В трактате «Брахот» рассказывается о некоем Седекии, имевшем обыкновение носить на плечах по пятницам в синагогу двух своих сыновей – Рабдака и Манассию. Однажды, когда он их нес вот так в синагогу, Рабдак сказал:

– На лысине отца хорошо колоть орехи.

– Жарить рыбу, – возразил Манассия.

Этот старинный анекдот прекрасен. Все вещи названы своими именами. Пусть комментаторы потом морализируют, намекая, что Седекия был наказан непочтительными детьми за то самое непочтение, которое он питал к Господу Богу, – их версии не могут ничего изменить в суровой достоверности и жестокой естественности рассказа.
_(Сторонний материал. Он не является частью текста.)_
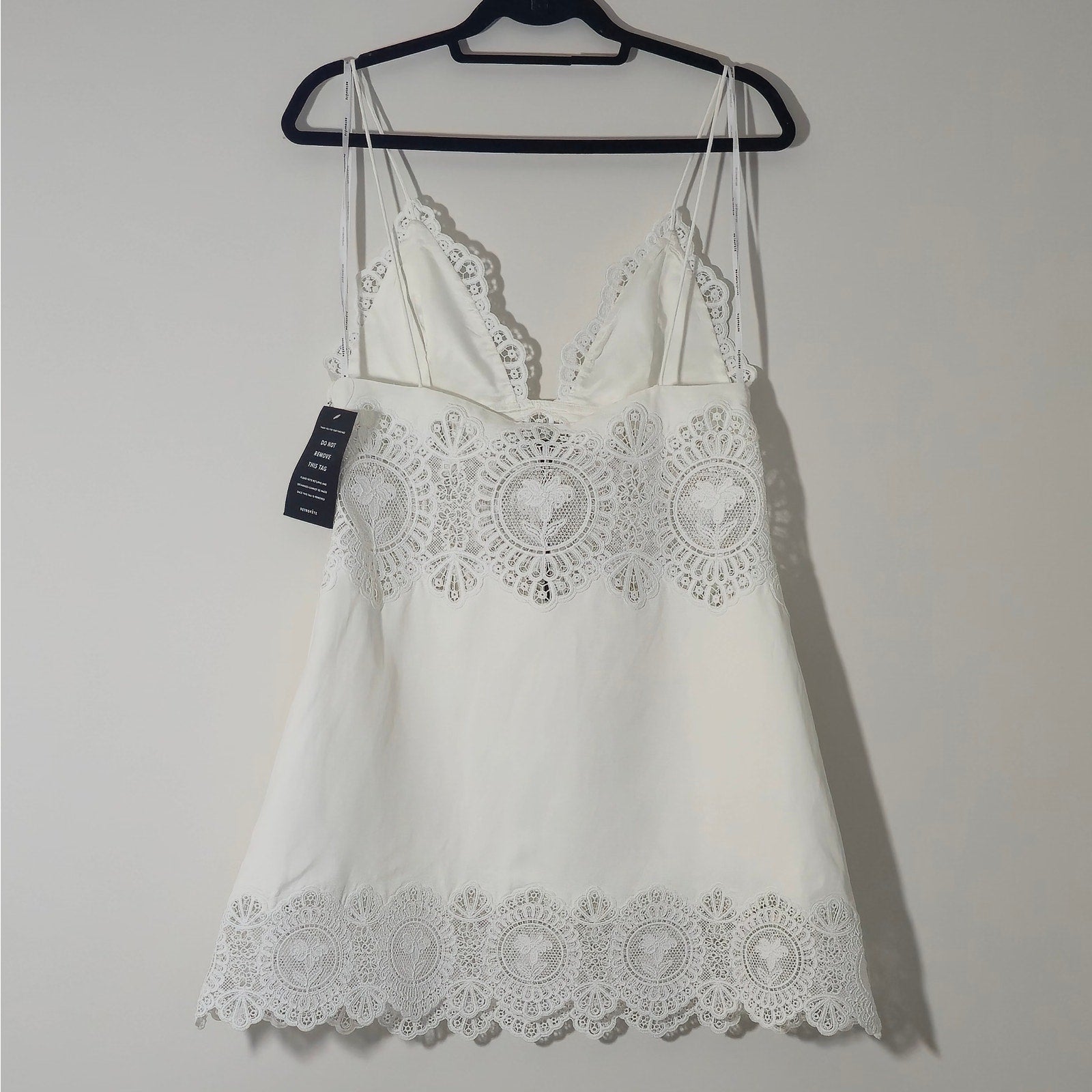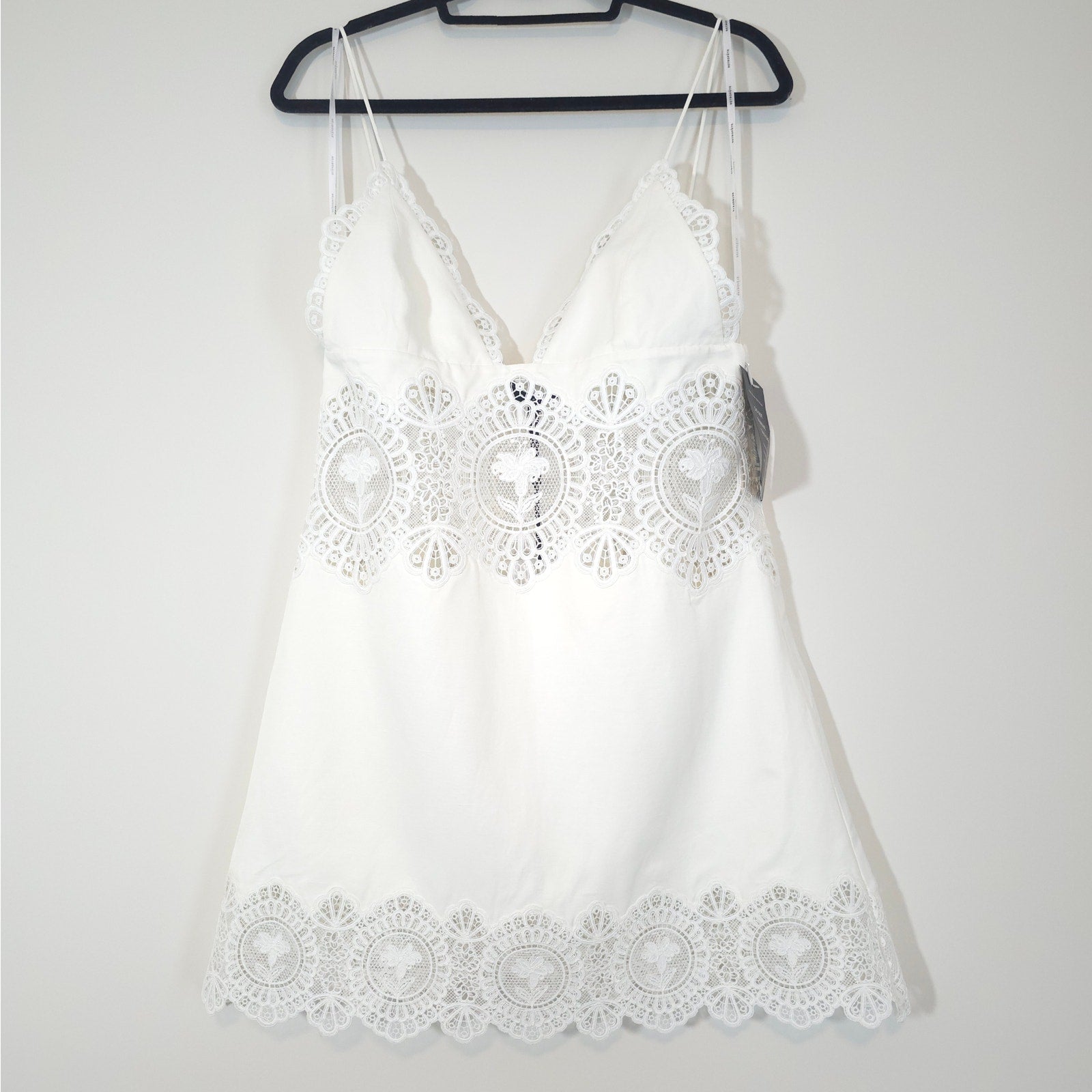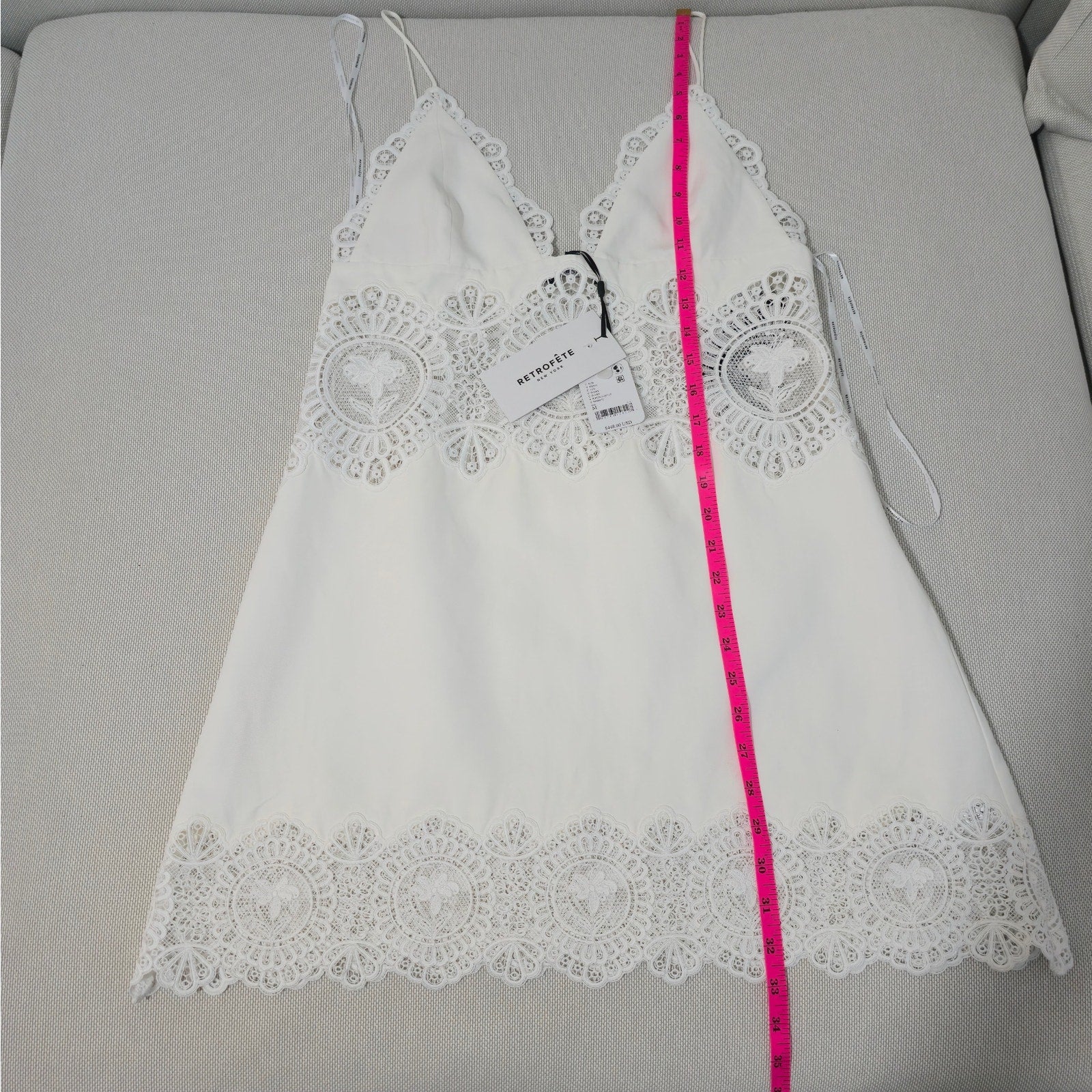 Retrofête Ivory Karlie Open Lace Paneling and scalloped Hem Mini Dress Sz Medium

Логика отношений здесь первобытна и проста. Для того чтобы стать предком, отцом личности, нужно самому, забыв о собственной персоне, смело пустить в дело то общее, что есть у нас независимо от расы и вероисповедания, выступить в единообразящей всех наготе и полнейшей – можно сказать – лысой обезличенности.

«Человеческая воля сильнее, нежели интеллект», – говорит Спиноза.

Но чтобы нечто утратить, хотя бы и столь забавным способом, нужно сперва этим обладать. Так объясняется известный расцвет индивидуальных дарований у юношей. Увы, бедная молодежь! Если бы она могла знать, что ее ждет впереди! За светлым и радостным мифом о смене поколений неразличим для нее тошнотворный образ непрерывно вращающегося идиотства. И претенциозная выходка Хама, который хотел разрешить проблему отцов и детей в свою пользу, свидетельствует только о непонимании данного деликатного обстоятельства. Проклятием на голову его навеки осклабившегося потомства легла неспособность понять это когда-либо в будущем.

Однако требования нравственного закона об уважении к старшим сами по себе могут набросить лишь легкую полупрозрачную вуаль на эту выпирающую непристойность. Гораздо эффективнее присоединить сюда еще и заповедь, которая возбраняла бы кумиротворчество, хотя вообще стремление каким бы то ни было способом объективировать несоответствие между манящим таинством цели, пылким творчеством при ее достижении и достойной смеха обыденностью итога можно было бы даже оправдать. Но люди не могут ограничиться только водружением кумира, они стараются выдать своего дурака за нечто существенное, возвышенное, важное. Символ утраты личной природы становится объектом поклонения для коллектива. Все перечисленные ранее неприятные странности оказываются в метафизической плоскости: неподвижность оборачивается величием, никчемность – постоянством, бессмысленность – могуществом. Так возникает культ. Утраченные человеком временные дары приписываются истукану навеки, и наше относительное знание становится у него всеведением, что можно обнаружить хотя бы в басне Крылова «Оракул».

 

События, изложенные в этом поучительном произведении, достаточно хорошо известны, и их можно не пересказывать в подробностях. Кратко же они таковы. В некотором городе или селении имелся предвещающий кумир, действовавший в высшей степени удачно. Внезапно качество пророчеств ухудшилось. Далее влагаю в свои уста перо гениального баснописца:

 
А дело было в том,
Что идол был пустой
И саживались в нем жрецы вещать мирянам.
Доколь сидел там умный жрец – кумир не путал врак,
А как засел в него дурак,
Так идол стал болван болваном.
 

Замечателен набор синонимов в последних строках. Одушевленный дурак внутри безжизненного болвана – поистине самый монументальный образ во всей мировой литературе. Здесь достигнуто то единство формы и содержания, о котором потом мечтали десять поколений литературных критиков.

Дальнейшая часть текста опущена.